The shadow melts away—the squirrel must have moved to the far side of the tree–and now a slash of blaze orange catches my eye. My 12-year-old son, Jack, is on the move, too. It was the first year that I’d let him hunt outside my immediate grasp. No longer shoulder to shoulder with me at the base of a big oak, he was making his first solo forays through the woods. I remember my own well: A 100-acre wood was a magical world, and a .22 rifle in hand freighted every step, every moment, with promise. I hope that Jack is feeling all of that, too, although it may take him 30 years to realize it.

It’s the Small Stuff

I don’t think there’s a better way to wind down a hunting season than to spend a few mornings hunting late-winter squirrels. Some of us never lose our taste for chasing tree rats through the hardwoods, but I’m guessing a bunch of us close that chapter as we move on—and up, we tell ourselves—to deer, ducks, elk, or whatever other game seems to suit our grown-up tastes. That’s a pity. The occasional squirrel hunt is like riding a bike with no hands or smooching with your wife in public. If you think those days are past, all the more reason to pucker up.
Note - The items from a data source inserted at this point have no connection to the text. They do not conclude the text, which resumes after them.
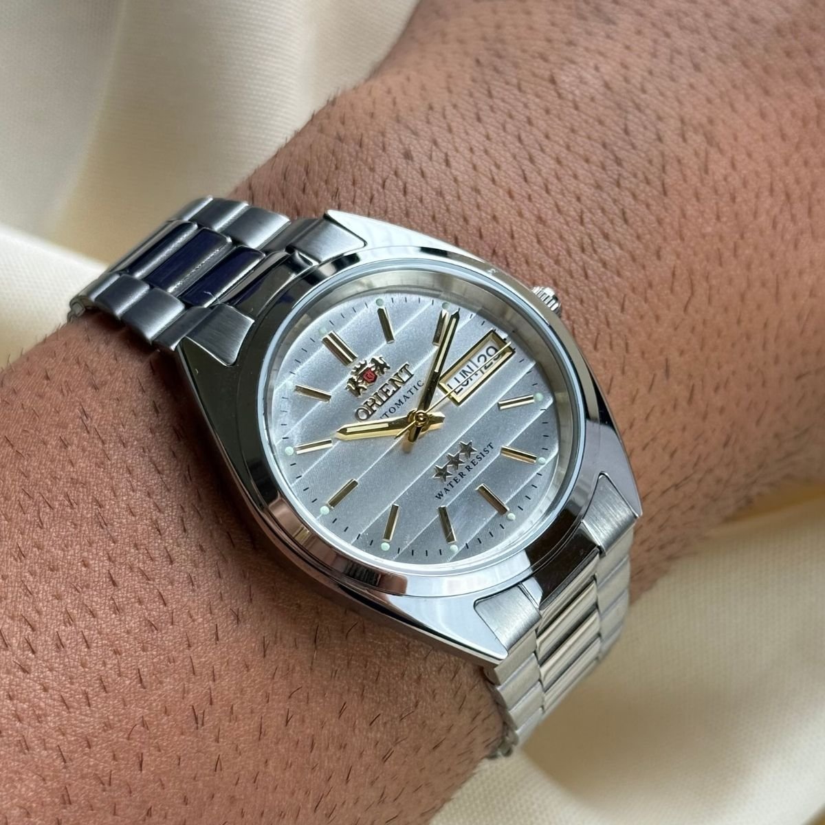 Com caixa compacta de 37 mm, o modelo mantém o estilo tradicional da linha Orient 3 Estrelas, conhecida mundialmente por sua durabilidade e excelente custo-benefício.
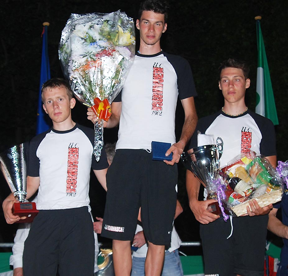 Bergamo – Serata di festa per l’Uc Bergamasca 1902 Astro Semperlux che ieri sera ha messo a segno una bellissima tripletta nella Notturna di Meda (Monza Brianza) abbinata al 2° Trofeo Sergio Colombo a.m. con il successo del bergamasco Mario Meris davanti ai compagni di squadra Edoardo Maffei, secondo, ed Andrea Cortinovis, terzo (nella foto Rodella, i tre sul podio).
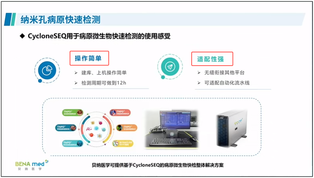 WY01是一台高通量纳米孔测序仪。在WT02的基础上,设备体积不加大,但测序芯片密度提高了2.52倍,单芯片孔蛋白数提高了8倍,达到惊人的3万个蛋白孔。单芯片通道规模提升8倍意味着单芯片数据产出也将提升8倍。同时,单次准确率提升至99%。 下午的CycloneSEQ应用分享会,来自华大、科研院校、企业客户,分别展示了基于CycloneSEQ-WT02的长时段、广范围的测试分享。领域涉及多物种基因组组装、环境微生物、农业育种、遗传病诊断、病原快速检测、肿瘤变异检测、极端环境原位测序等各个方面。 值得注意的是,这些用户均在纳米孔测序方面已有数年研发和产品转化经验。这对我们了解CycloneSEQ-WT02的真实水平,有较大参考意义。(贝纳医学,CycloneSEQ用于病原快速检测)(迪安诊断,CycloneSEQ在临检产品的表现)(华大研究院,CycloneSEQ用于物种基因组组装)02 客观来讲,CycloneSEQ-WT02在刚发布时就有如此表现,实属不易。从产品质感、性能表现、内部测试、用户测评、配套产品等多方面的集中展示可以看出,这确实是一次准备充分、积淀已久的产品发布,而非只停留在PPT阶段。而且,首批达成CycloneSEQ签约合作意向的科研及临床用户代表,就达到了70家。在整体表现不逊色进口品牌的基本前提下,基于用户视角,大家选择华大CycloneSEQ的理由,会是什么?价格&成本,这也是所有与会的研究者、应用企业都在会议中明确提到的问题:- 研究者希望价格的下降,实现测序自由,让有限的经费生产更多的数据;

And squirrel hunting in late winter gives gifts we might have overlooked as kids. Void of leaves, the woods lay bare and open. You can see the crumbled brick chimneys of old farmsteads, the pitch and roll of the land, every branch and twig, a rabbit’s briery warren, the deer’s bed still warm to the touch. You can see the past, too, if you look in the right places.
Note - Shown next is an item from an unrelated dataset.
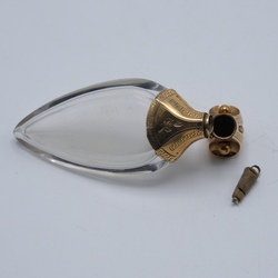 | Omschrijving | Een antiek puntig geslepen kristallen parfumflacon met een 14 krt gouden hals en dop. |
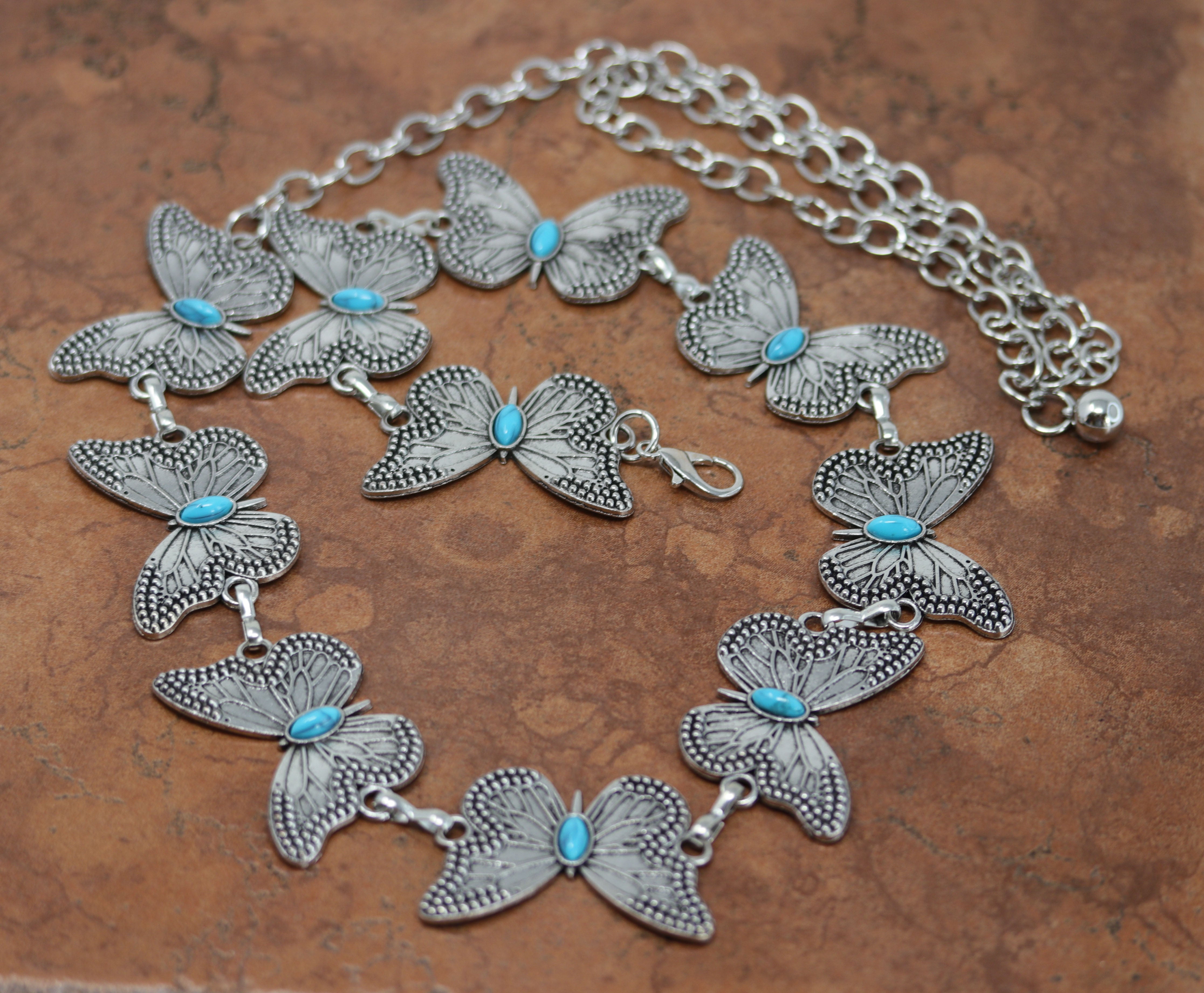 A beautiful fashion link belt made from zinc alloy and man made turquoise. The belt measures 44" in length and 1 1/2" in width (larger conchos). This item is not Native American.

As I sit quietly, a highlight reel plays through my mind, flickering scenes of the best of the season now coming to a close. From here I can see the open slash of Black Creek, its banks fanged with cypress knees. I shot a 9-point whitetail there earlier in the year, the last of a heart-stopping trio of bucks that plodded along the creek almost nose to tail, like cows headed to milking. The seep under my feet runs into Meadow Branch, which spills into the creek a couple of stone’s throws to the northwest. Jack and I were skunked there earlier on ducks, then whiffed on a string of Canadas that skirted the treetops. Forgettable shots, yes, but what I won’t forget was how Jack nearly fell off his bucket and into the creek with a huge backward-leaning dawn yawn. I can see the clear-cut where the beagles ran rabbits. The greenbrier thicket where I shot the season’s first meat doe. All this from my winter perch. All things revealed.

Big Chance

But I can barely see Jack now. He moves in and out of sight, a flicker of orange and tan that appears, then disappears, then reappears again, like the windows on a passing train. He’s getting out there. I start to whistle him in, then hold my breath. He knows these woods. It’s time for him to stretch his wings, as well. It’s his last hunt of the season. Soon it will be time to store the rifle and break out the fly rods. A month from now there could be hickory shad in the river, and ancient daffodils pushing up around the crumbled brick chimneys.

The shadow sprouts fine gray fur and a tail, and works its way along a fallen log now, just as I’d hoped. I track the animal through the scope, and when he stops, the crosshairs bump with my quickening pulse. I breathe in, then let half a breath go. Funny, but when a squirrel is headed my way, it never feels like small game.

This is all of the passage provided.